I had the chance to participate to this year International Semantic Web Conference (ISWC2014) in Riva del Garda and to assist to the keynote given by Prabhakar Raghavan, Vice President of Engineering at Google.

It was a really interesting talk, full of content, but also enjoyable and very approachable by non technical people too. These are my personal takeaways from his keynote. I highly reccommend you watch the keynote video that has been published online

ISWC 2014 Logo
ISWC 2014 in Riva del Garda (Italy)

Prabhakar presented a nice overview of the evolution in the field of search engines in the last 20 years. He started from the first innovations like Continuous Crawling from 1995, to the introduction of Recall as a measure of performance quality.

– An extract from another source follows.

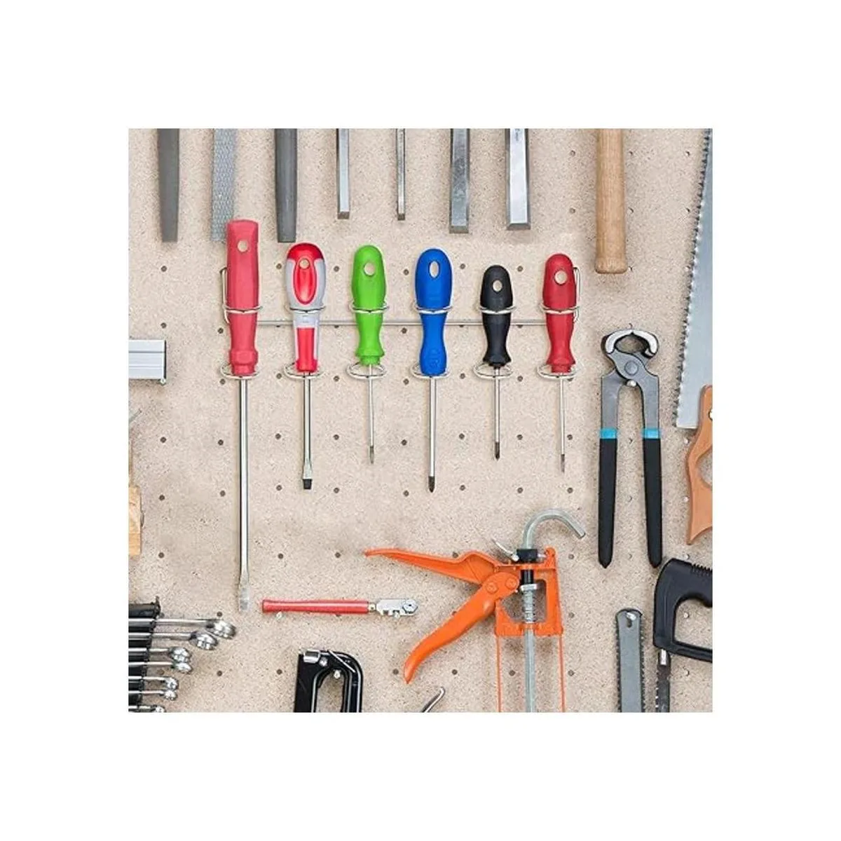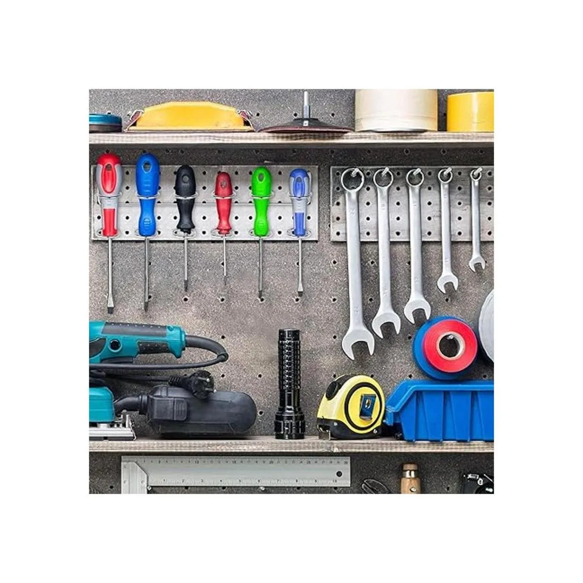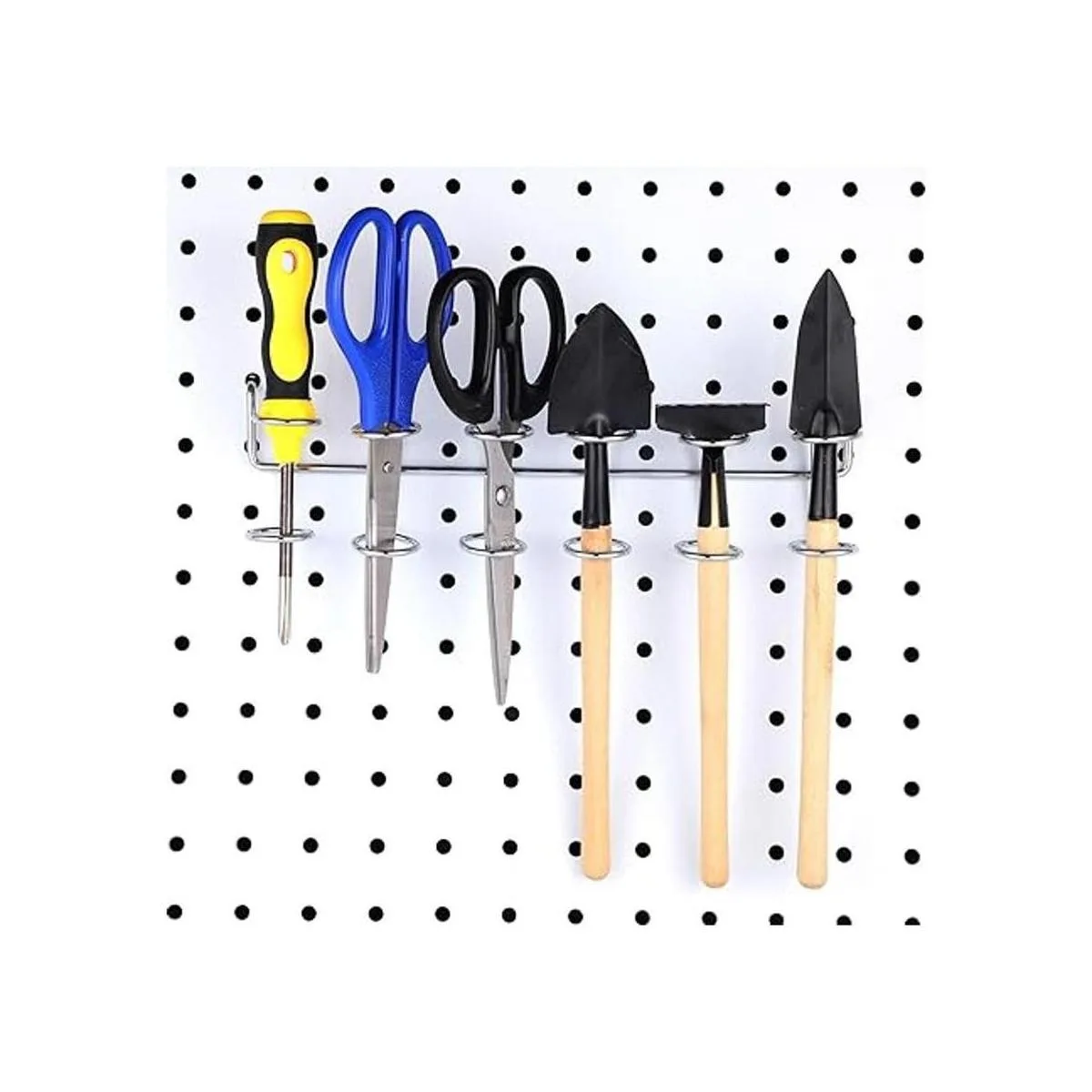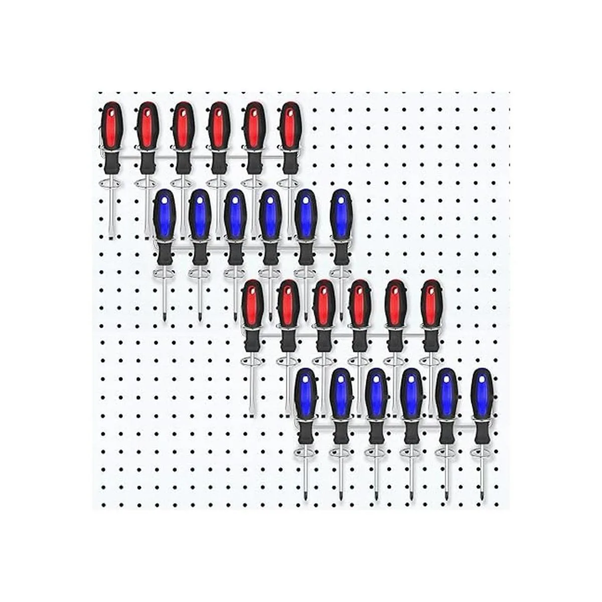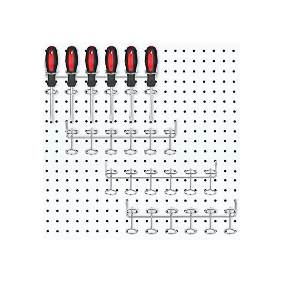 Diseño de estilo anillo: cada gancho de metal para tablero de clavijas tiene 12 ganchos de tablero de clavijas estilo anillo, y cada lado se puede colocar 6 anillos, pueden almacenar destornilladores, alicates y otras necesidades diarias, muy adecuado para colgar artículos ligeros y herramientas comunes, ahorrando tiempo y espacio

He went through the problem of ranking. Starting with the "Inktomi scoring function", the concept of Page rank where the link to a page is a signal of endorsement or, altenatively, a description of the content. Thus highlighting how fundamental it was, and is, to evaluate the "importance" of a page not only based on his content.

An example of Page Rank
Mathematical PageRanks for a simple network

Then he moved on trying to answer why people are running "queries". From the search for finding a URL (navigational queries), to the search for knowledge (informational queries), to transactional queries. Those are queries a user perform in order to find a product to buy. Additionally he highlighted that approximately 99% of queries contain entities nowadays. One outstading example is what he called the "party factoid", i.e., Wikipedia fact checking during parties.

Then he explained that now there are queries for fine grained, every-day-life tasks issued trough mobile devices. So understanding a query is highly dependent on the context. This is what he called "understanding the verb" implicit in the query. The example: you look for "restaurant", but:

  • to select a good restaurant and get infos
  • to book a restaurant you selected
  • to find the way to go to the restaurant

Then he made a important remark about the fact that in the past 15 years a query was made of 2.5 words on average, and now things are going to change with the advent of natural language questions (e.g., ask Siri).

In the end, for what I've understood, his vision of the future will be about three main keypoints:

  • understanding the context: the user intent given by the context
  • dealing with more complex queries (natural language questions)
  • forecasting the next query before the user issues it ( Google now )

A nice remark about the last point: if we can predict the next query, then we can perform it when is more convenient for the servers, i.e., when load is lower.